» WORK INSTRUCTION
Transcribe the listing that follows in full, exactly, and drop its images.

» EXERCISE DATA
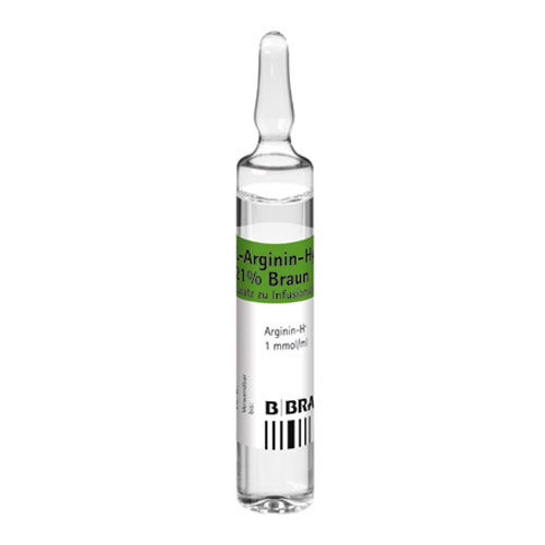 L-Arginin-Hydro-chlorid 21% Braun. Konzentrat zur Herstellung einer Infusionslösung. Anwendungsgebiete: Zur Behandlung schwerer metabolischer Alkalosen (Alkaliüberschuss bzw. Untersäuerung); in der Pädiatrie (Kinderheilkunde) zur Absenkung erhöhter Konzentration von Ammoniak im Blut (Hyperammonämie) durch schwere angeborene Stoffwechselstörungen. B. Braun Melsungen AG, 34209 Melsungen.
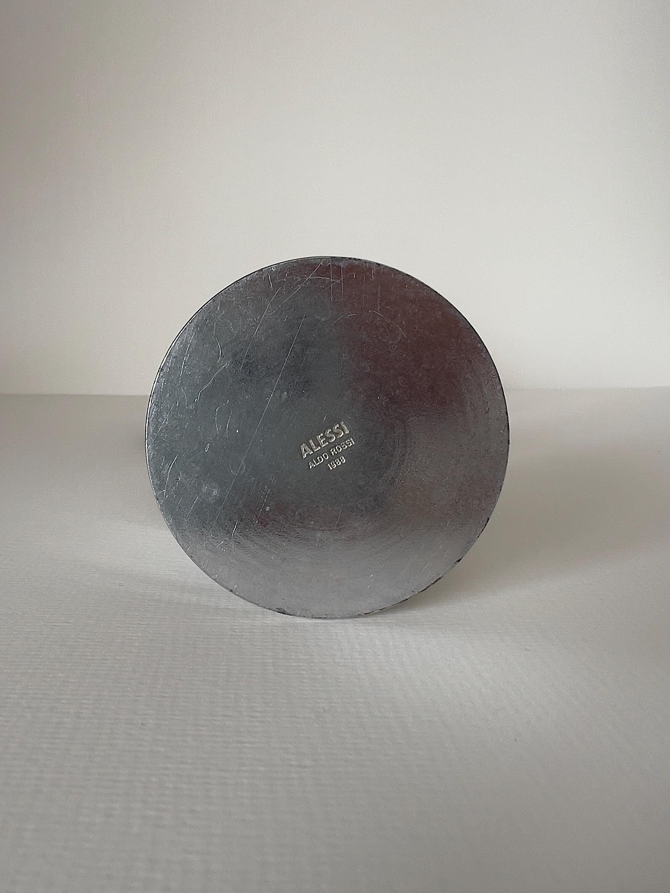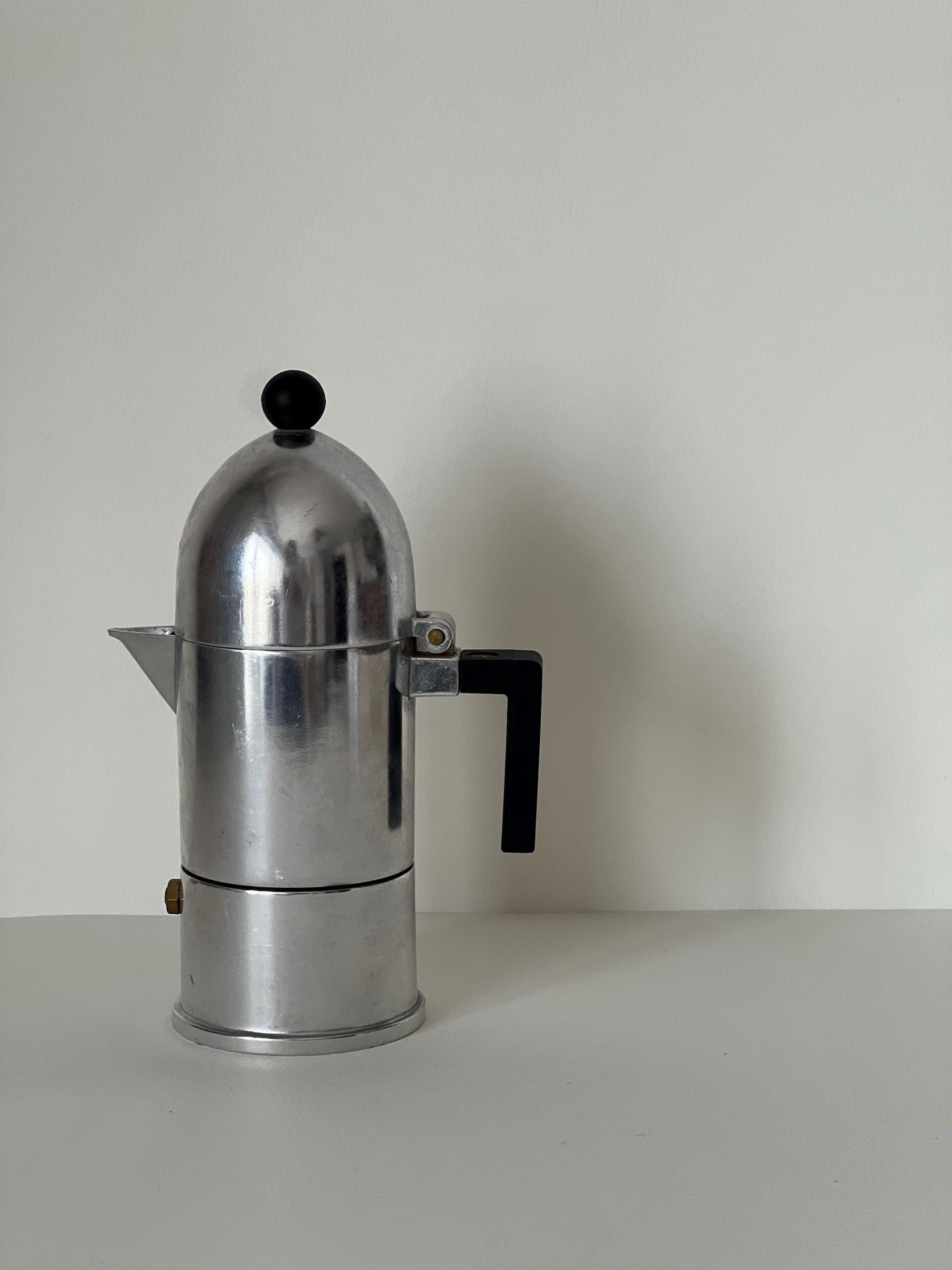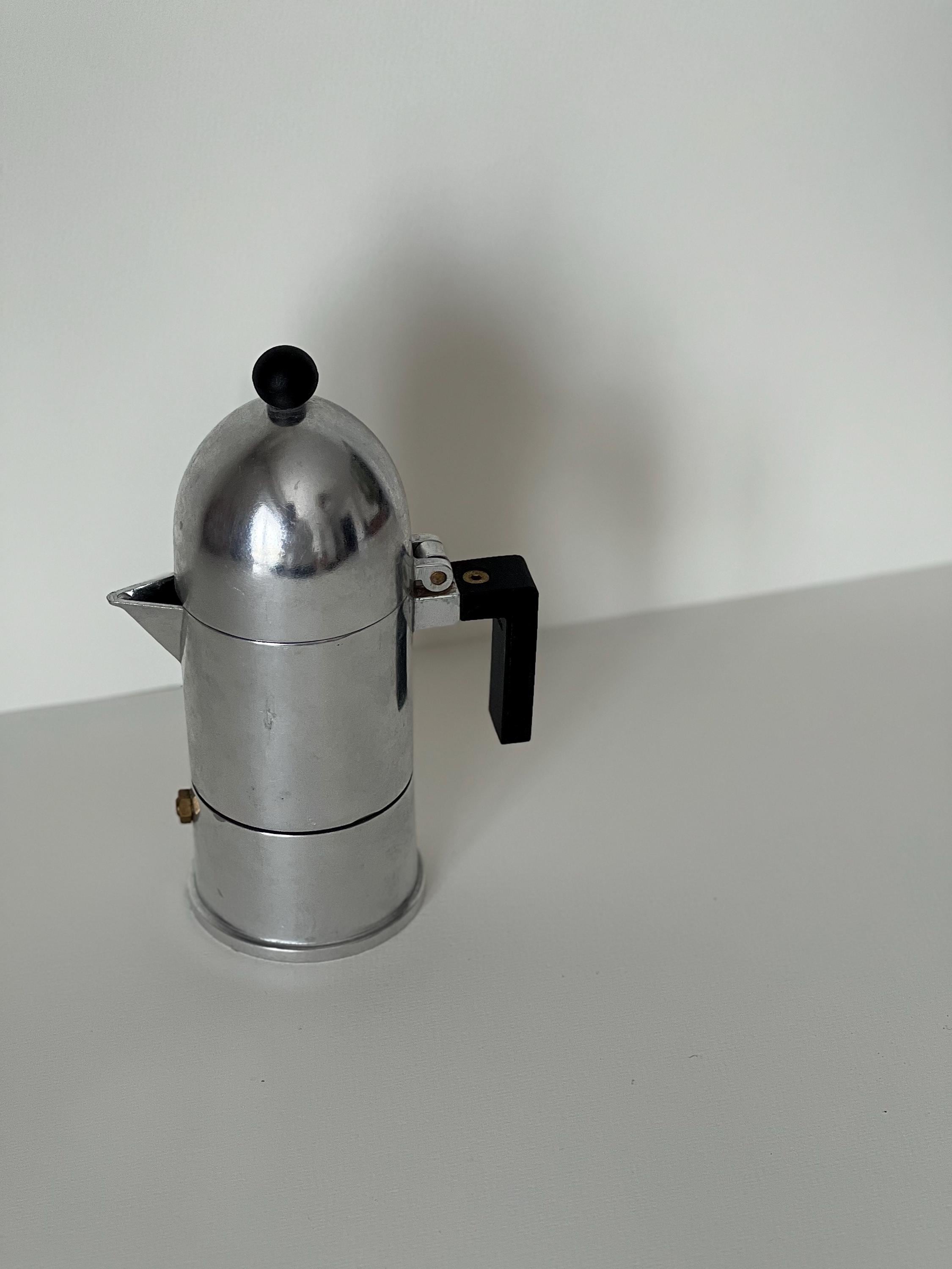 Crafted in Italy and stamped Alessi / Aldo Rossi 1988 on the base, this vintage designer coffee maker is both a luxury kitchen statement and a display-worthy object for open shelving or curated coffee corners.
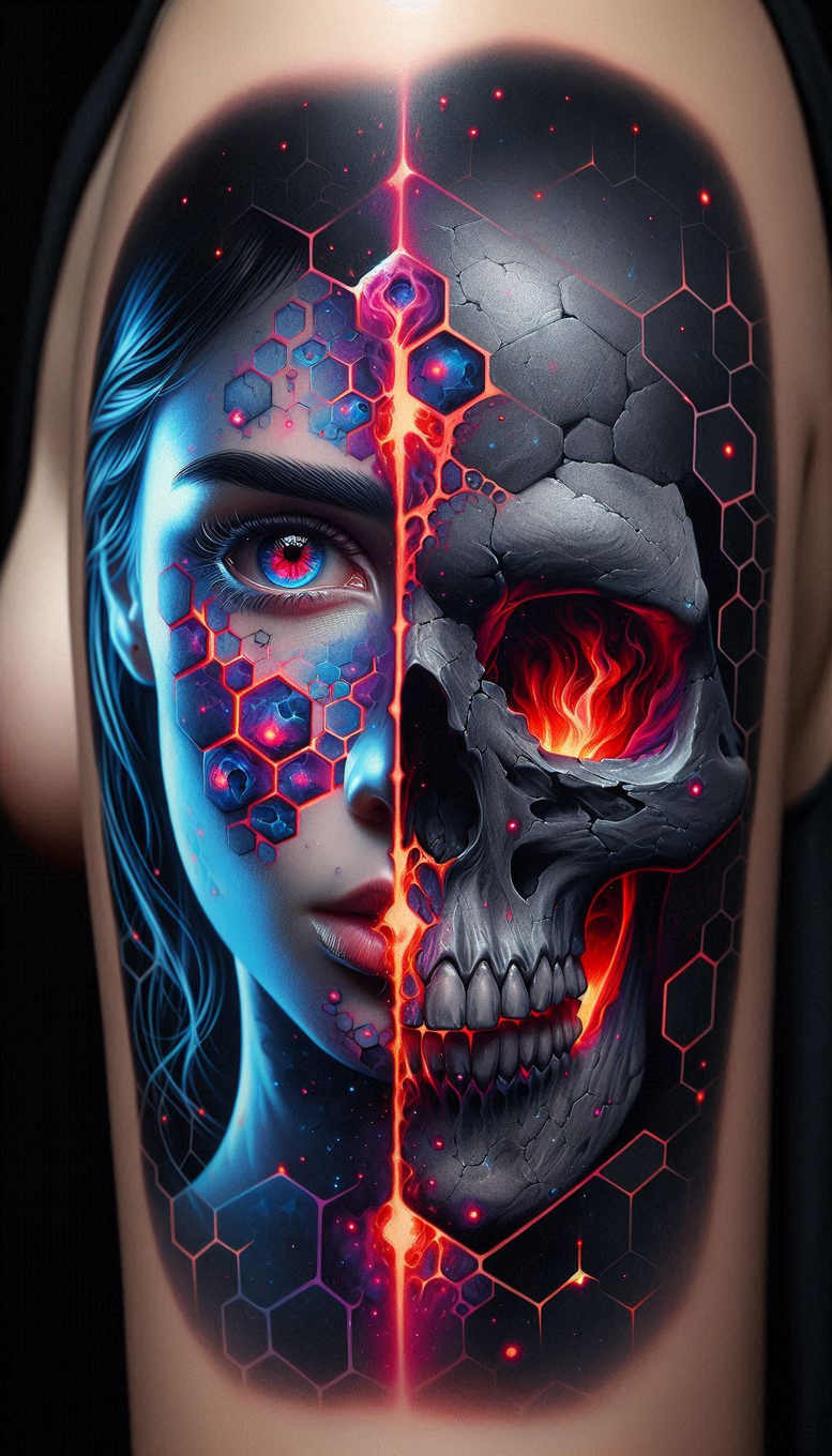 This is an AI-generated tattoo concept that fuses portrait realism with geometric patterning for a bold, cover-up ready project. The composition splits the canvas into two opposing forces: the left side presents a lifelike female face in cool blue and gray tones, its eye rendered with intensity and depth to suggest a focused gaze, while the right side reveals a cracked skull whose interior glows with fiery neon hues, creating a dramatic counterpoint. A vertical neon seam runs down the center, enhancing the sense of duality and guiding the viewer from skin to bone. Overlaying both halves is a hexagon honeycomb grid, rendered with crisp edges and subtle color shifts that evoke cellular structure and cybernetic influence, adding rhythm and a modern edge to the piece. The surrounding shading is predominantly black and grey, establishing deep contrast that makes the neon accents pop and ensures legibility for a large panel or sleeve. Symbolically, the image conveys humanity versus mortality, transformation through fire, and the meeting point of organic and synthetic forms. Technically, it reads as a meticulous translation of digital illustration into ink-ready design: clean line work, smooth gradient shading, and selective color punch that would translate well on skin with careful layering, blending, and aftercare. The hex pattern provides texture and a built-in cover for existing tattoos, offering a natural path for a cover-up while preserving a striking, contemporary look. This concept is AI-origin, intended as a customizable tattoo design suitable for arm or leg placement, and it incorporates SEO-friendly terms like tattoo, tattoo design, meaningful tattoos, fine line tattoo, black and grey realism, and ink to support discoverability, while nodding to related ideas such as lotus flower tattoo, infinity tattoo, tribal tattoo, rose tattoo design, small tattoos, and flower tattoos for broader inspiration.

» OUTPUT OF THE TASK
 L-Arginin-Hydro-chlorid 21% Braun. Konzentrat zur Herstellung einer Infusionslösung. Anwendungsgebiete: Zur Behandlung schwerer metabolischer Alkalosen (Alkaliüberschuss bzw. Untersäuerung); in der Pädiatrie (Kinderheilkunde) zur Absenkung erhöhter Konzentration von Ammoniak im Blut (Hyperammonämie) durch schwere angeborene Stoffwechselstörungen. B. Braun Melsungen AG, 34209 Melsungen.
 Crafted in Italy and stamped Alessi / Aldo Rossi 1988 on the base, this vintage designer coffee maker is both a luxury kitchen statement and a display-worthy object for open shelving or curated coffee corners.
 This is an AI-generated tattoo concept that fuses portrait realism with geometric patterning for a bold, cover-up ready project. The composition splits the canvas into two opposing forces: the left side presents a lifelike female face in cool blue and gray tones, its eye rendered with intensity and depth to suggest a focused gaze, while the right side reveals a cracked skull whose interior glows with fiery neon hues, creating a dramatic counterpoint. A vertical neon seam runs down the center, enhancing the sense of duality and guiding the viewer from skin to bone. Overlaying both halves is a hexagon honeycomb grid, rendered with crisp edges and subtle color shifts that evoke cellular structure and cybernetic influence, adding rhythm and a modern edge to the piece. The surrounding shading is predominantly black and grey, establishing deep contrast that makes the neon accents pop and ensures legibility for a large panel or sleeve. Symbolically, the image conveys humanity versus mortality, transformation through fire, and the meeting point of organic and synthetic forms. Technically, it reads as a meticulous translation of digital illustration into ink-ready design: clean line work, smooth gradient shading, and selective color punch that would translate well on skin with careful layering, blending, and aftercare. The hex pattern provides texture and a built-in cover for existing tattoos, offering a natural path for a cover-up while preserving a striking, contemporary look. This concept is AI-origin, intended as a customizable tattoo design suitable for arm or leg placement, and it incorporates SEO-friendly terms like tattoo, tattoo design, meaningful tattoos, fine line tattoo, black and grey realism, and ink to support discoverability, while nodding to related ideas such as lotus flower tattoo, infinity tattoo, tribal tattoo, rose tattoo design, small tattoos, and flower tattoos for broader inspiration.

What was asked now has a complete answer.